The research led by the South Australian Health and Medical Research Institute (SAHMRI) and the University of Adelaide has uncovered a significant hurdle for realising the potential benefits of gene editing in embryos.
It provides an alternative explanation following a North American study published last year that seemed to demonstrate gene editing in human embryos was highly effective in repairing a defective gene in a majority of the embryos.
Gene editing is the process of cutting specific regions of a cell’s genetic material with molecular scissors, and then “repairing” the cut by altering the target DNA sequence, resulting in a specific change or “edit.”
The South Australian team, led by Professor Paul Thomas, discovered the process of repairing the cut could sometimes lead to a significant loss of DNA, meaning function to the faulty gene could not be restored.
This research provides an alternative explanation to the North American study, showing rather than gene editing fixing small errors, much larger errors could instead be created.
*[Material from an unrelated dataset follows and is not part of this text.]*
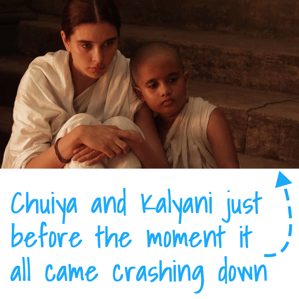 Fascinatingly, while passive water drenches these women every moment of their waking lives, the only time the director depicts fire around them is when they are actively choosing their destiny. I’ll highlight this more in the subsequent thematic analysis of the movie. Chuyia is devastated by the loss of her friend and seeks revenge by strangling Madhumati’s pet parrot, the only time the guileless girl commits a brutal act. Although she regrets the murder immediately, the blows to her innocence are quick to follow when Madhumati, now lacking a resource for her old business, sends Chuyia across the river to be defiled. Thus, while the romantic arc between Narayan and Kalyani ends in abject tragedy, the heavy consequences are borne by Chuyia.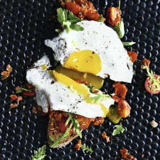 Die Toasts mit der Mango-Guacamole bestreichen und mit je 1 Scheibe Parmaschinken belegen, auf zwei Teller verteilen. Jeden Toast mit jeweils 1 Spiegelei darauf anrichten und den leichten Max servieren.

“Gene editing technology is still relatively new, and part of this field of research includes understanding the flaws, which will ultimately allow us to develop the safest possible therapies for genetic conditions,” Professor Thomas said.
“Understanding the fundamental mechanisms by which these tools work are important advancements for research and for clinical translation to treat a host of genetic diseases.”
Professor Thomas and Dr Fatwa Adikusuma, the paper’s first author, replicated the North American study on mouse embryos, which closely replicate the development of human zygotes.
Australia has strict legislation against using gene editing in human embryos.
“We looked beyond the small deletions, exploring larger areas of DNA,” Dr Adikusuma said.
“When we searched a wider area, we found that repair of the DNA break generated by molecular scissors resulted in deletion of large stretches of DNA.”
Gene editing technology with molecular scissors, or CRISPR-Cas9 as they are scientifically known, are being used in studies to cure muscular dystrophy in mice and a number of clinical trials are also underway to test gene editing therapies for several cancers and blood diseases.